*** Records provided Section Begins ***

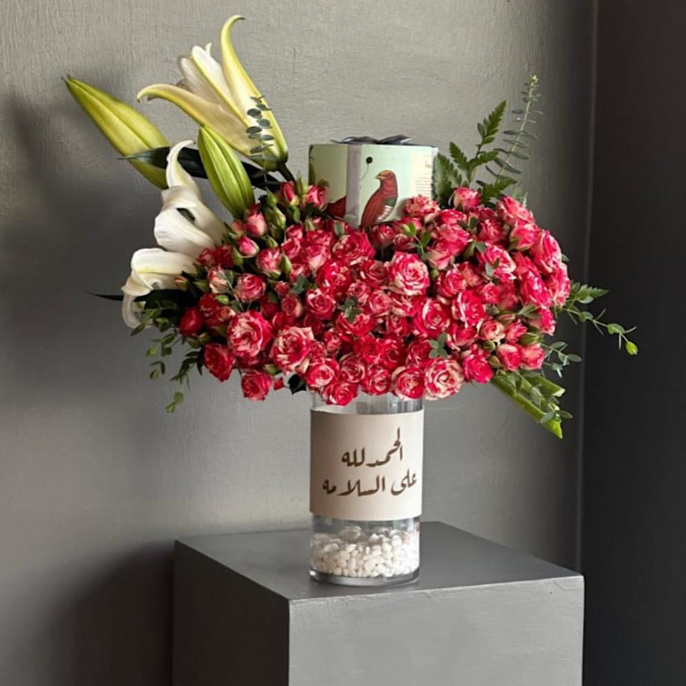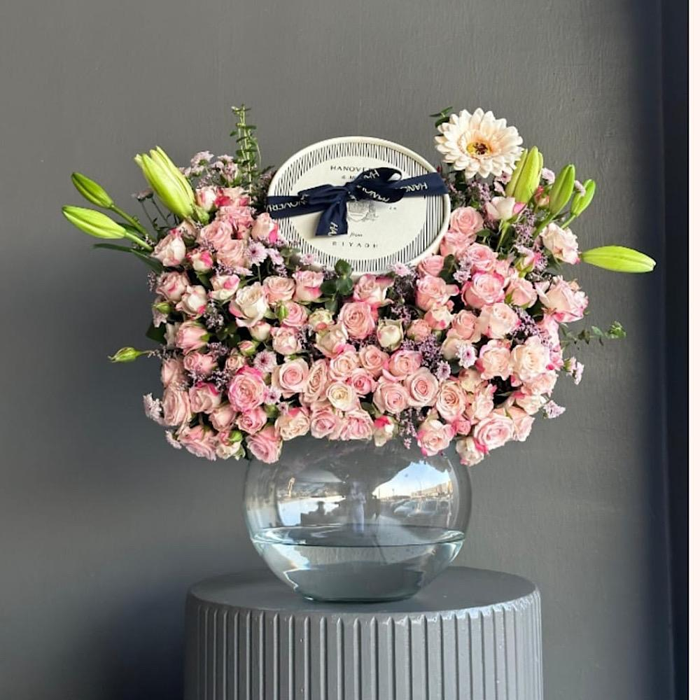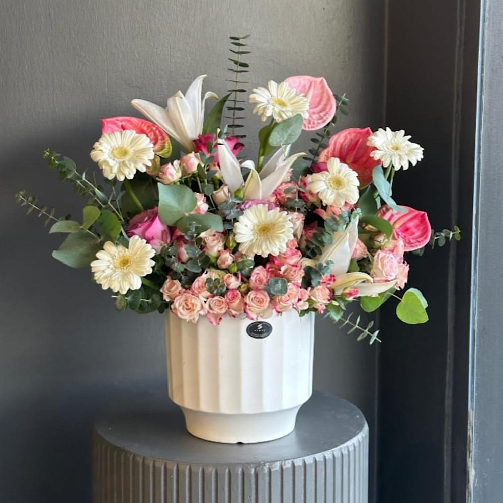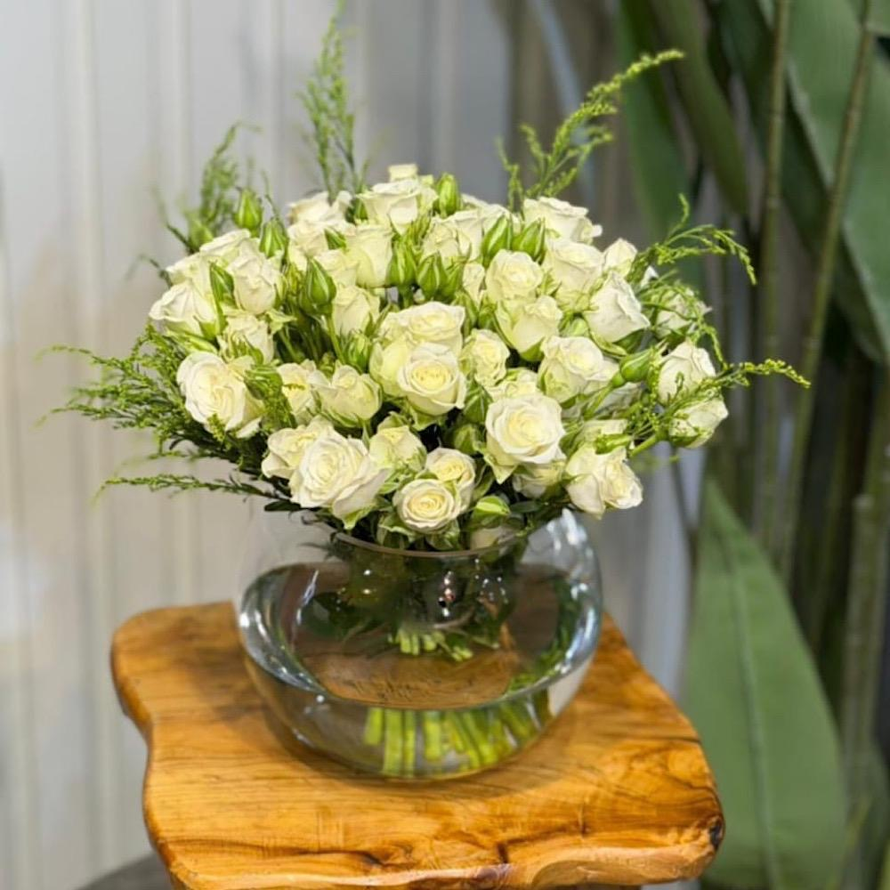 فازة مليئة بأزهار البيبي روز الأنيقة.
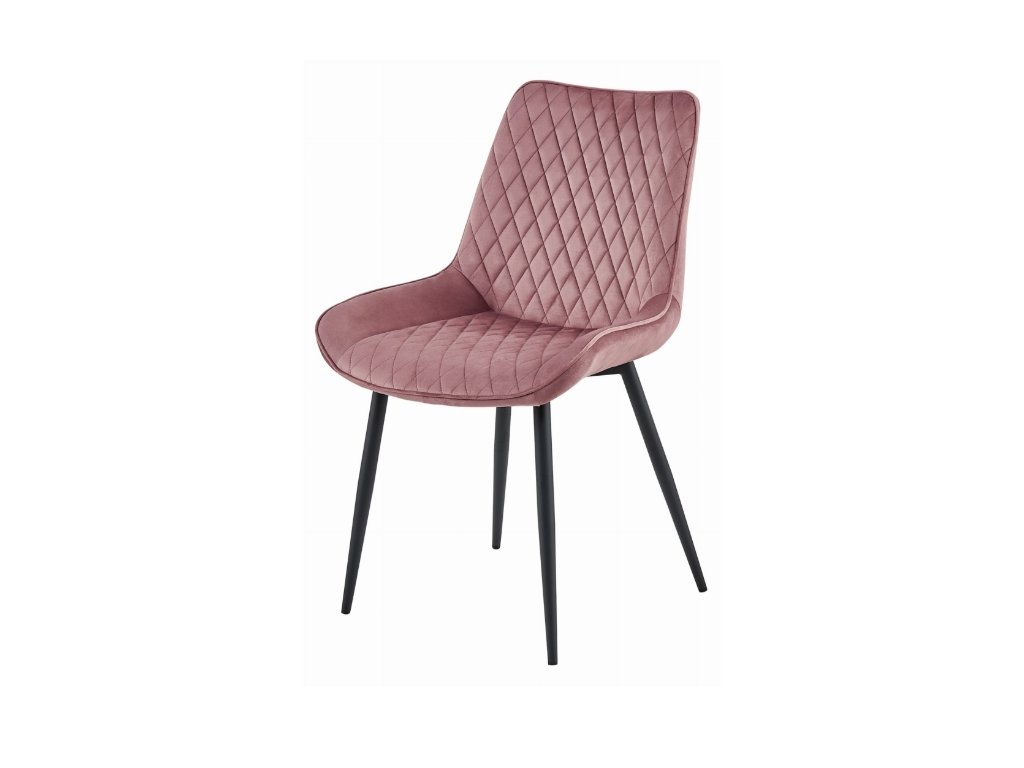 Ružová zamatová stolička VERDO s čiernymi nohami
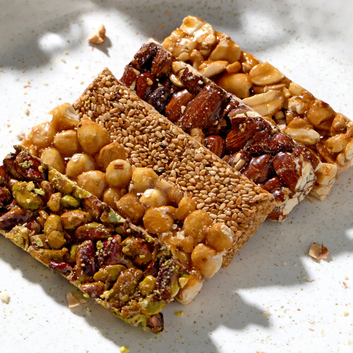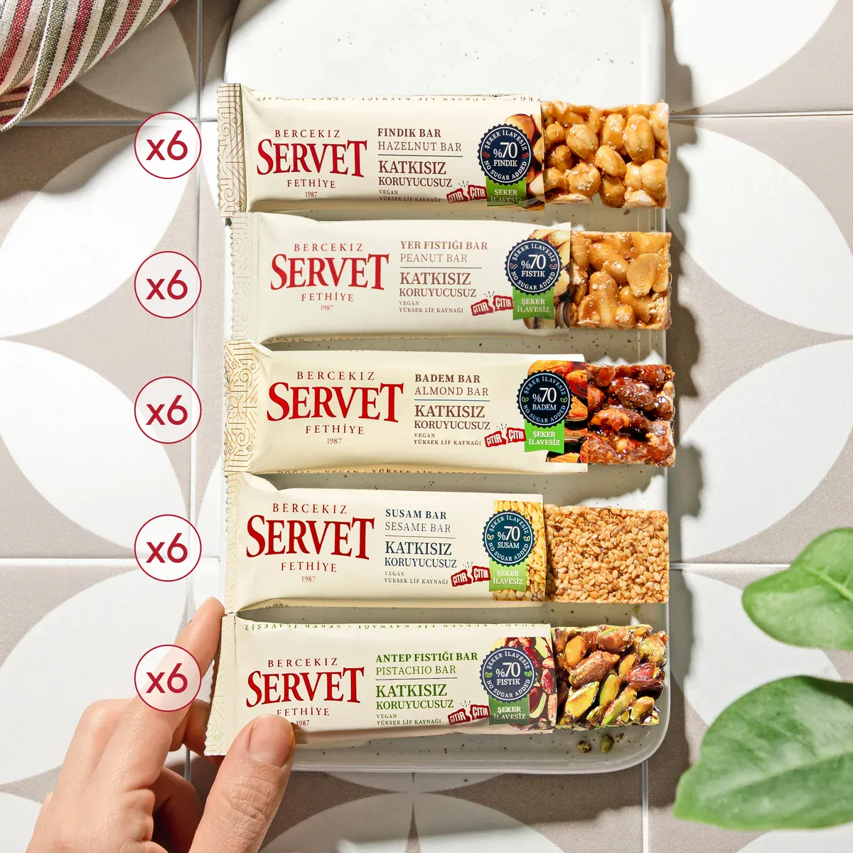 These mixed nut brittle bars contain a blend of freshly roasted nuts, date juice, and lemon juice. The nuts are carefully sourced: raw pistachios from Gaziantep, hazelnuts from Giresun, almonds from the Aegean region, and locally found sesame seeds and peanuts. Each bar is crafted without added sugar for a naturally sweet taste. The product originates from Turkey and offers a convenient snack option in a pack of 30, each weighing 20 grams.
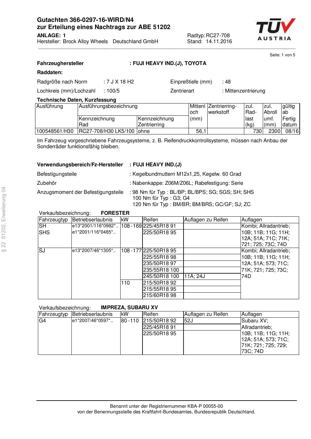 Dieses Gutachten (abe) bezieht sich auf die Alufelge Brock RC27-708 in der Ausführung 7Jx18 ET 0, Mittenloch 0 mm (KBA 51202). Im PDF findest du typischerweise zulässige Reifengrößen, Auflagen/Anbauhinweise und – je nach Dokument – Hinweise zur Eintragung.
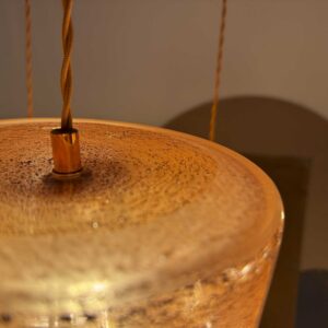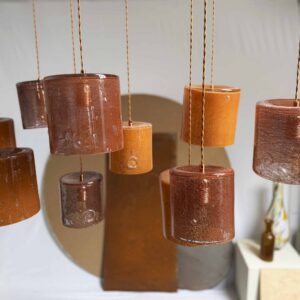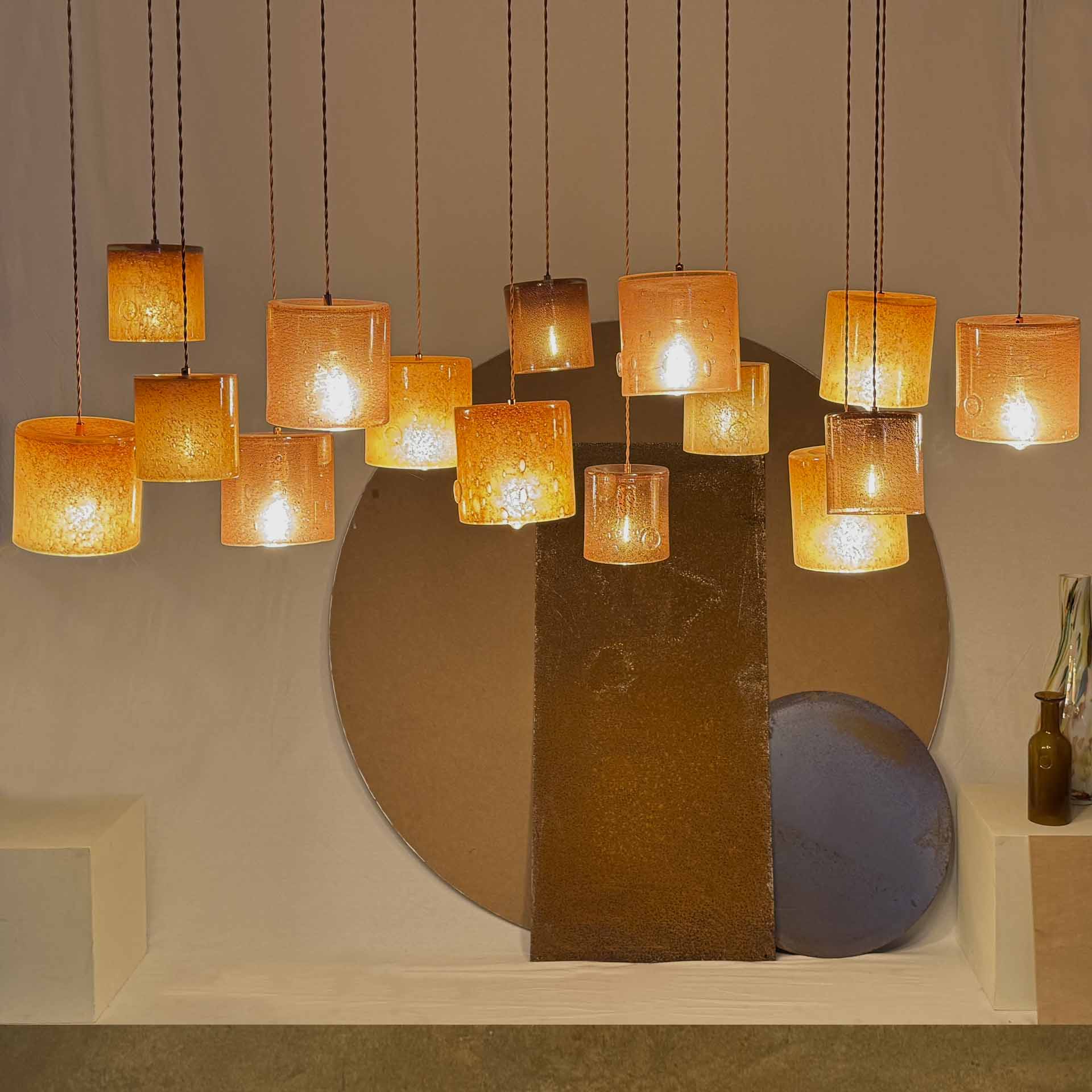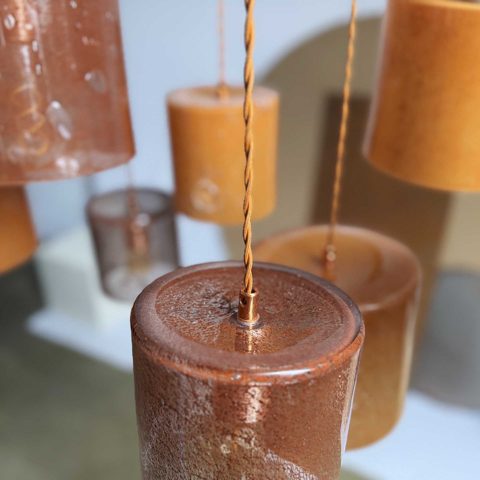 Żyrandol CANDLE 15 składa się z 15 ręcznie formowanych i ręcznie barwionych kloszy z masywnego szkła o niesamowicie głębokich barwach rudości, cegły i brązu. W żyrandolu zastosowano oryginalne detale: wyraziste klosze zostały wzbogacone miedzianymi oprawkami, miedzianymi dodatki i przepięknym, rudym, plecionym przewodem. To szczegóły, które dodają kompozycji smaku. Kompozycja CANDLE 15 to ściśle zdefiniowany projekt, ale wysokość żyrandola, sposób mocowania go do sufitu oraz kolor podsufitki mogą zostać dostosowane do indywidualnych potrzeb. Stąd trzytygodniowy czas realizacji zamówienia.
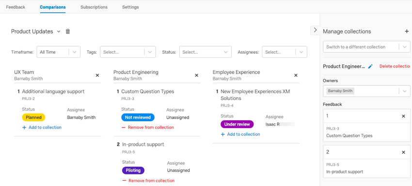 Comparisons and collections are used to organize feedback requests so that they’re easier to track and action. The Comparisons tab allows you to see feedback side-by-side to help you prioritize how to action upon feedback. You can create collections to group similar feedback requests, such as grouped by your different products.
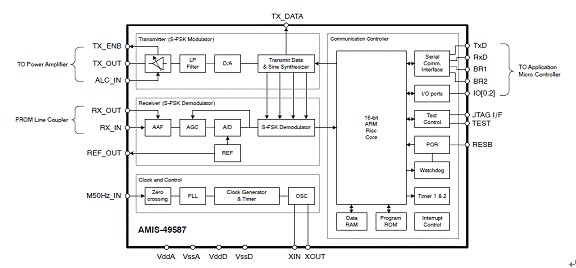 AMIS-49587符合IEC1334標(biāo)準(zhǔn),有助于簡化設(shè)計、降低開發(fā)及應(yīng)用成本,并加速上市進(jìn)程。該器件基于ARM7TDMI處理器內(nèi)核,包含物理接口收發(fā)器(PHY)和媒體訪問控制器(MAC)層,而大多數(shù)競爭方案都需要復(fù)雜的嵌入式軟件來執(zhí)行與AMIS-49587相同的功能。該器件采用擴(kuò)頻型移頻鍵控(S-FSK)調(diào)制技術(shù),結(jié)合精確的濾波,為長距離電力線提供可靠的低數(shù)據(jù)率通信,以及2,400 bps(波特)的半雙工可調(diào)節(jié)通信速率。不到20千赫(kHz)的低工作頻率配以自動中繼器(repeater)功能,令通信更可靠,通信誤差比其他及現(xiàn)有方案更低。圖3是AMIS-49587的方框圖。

*** Records provided Section Ends ***

§ Aim of the exercise
Nothing but the lines above from the one that has "These mixed nut" down to the one that has "Żyrandol CANDLE 15" belongs in the answer, copied exactly, without pictures.

§ Problem solution
 These mixed nut brittle bars contain a blend of freshly roasted nuts, date juice, and lemon juice. The nuts are carefully sourced: raw pistachios from Gaziantep, hazelnuts from Giresun, almonds from the Aegean region, and locally found sesame seeds and peanuts. Each bar is crafted without added sugar for a naturally sweet taste. The product originates from Turkey and offers a convenient snack option in a pack of 30, each weighing 20 grams.
 Dieses Gutachten (abe) bezieht sich auf die Alufelge Brock RC27-708 in der Ausführung 7Jx18 ET 0, Mittenloch 0 mm (KBA 51202). Im PDF findest du typischerweise zulässige Reifengrößen, Auflagen/Anbauhinweise und – je nach Dokument – Hinweise zur Eintragung.
 Żyrandol CANDLE 15 składa się z 15 ręcznie formowanych i ręcznie barwionych kloszy z masywnego szkła o niesamowicie głębokich barwach rudości, cegły i brązu. W żyrandolu zastosowano oryginalne detale: wyraziste klosze zostały wzbogacone miedzianymi oprawkami, miedzianymi dodatki i przepięknym, rudym, plecionym przewodem. To szczegóły, które dodają kompozycji smaku. Kompozycja CANDLE 15 to ściśle zdefiniowany projekt, ale wysokość żyrandola, sposób mocowania go do sufitu oraz kolor podsufitki mogą zostać dostosowane do indywidualnych potrzeb. Stąd trzytygodniowy czas realizacji zamówienia.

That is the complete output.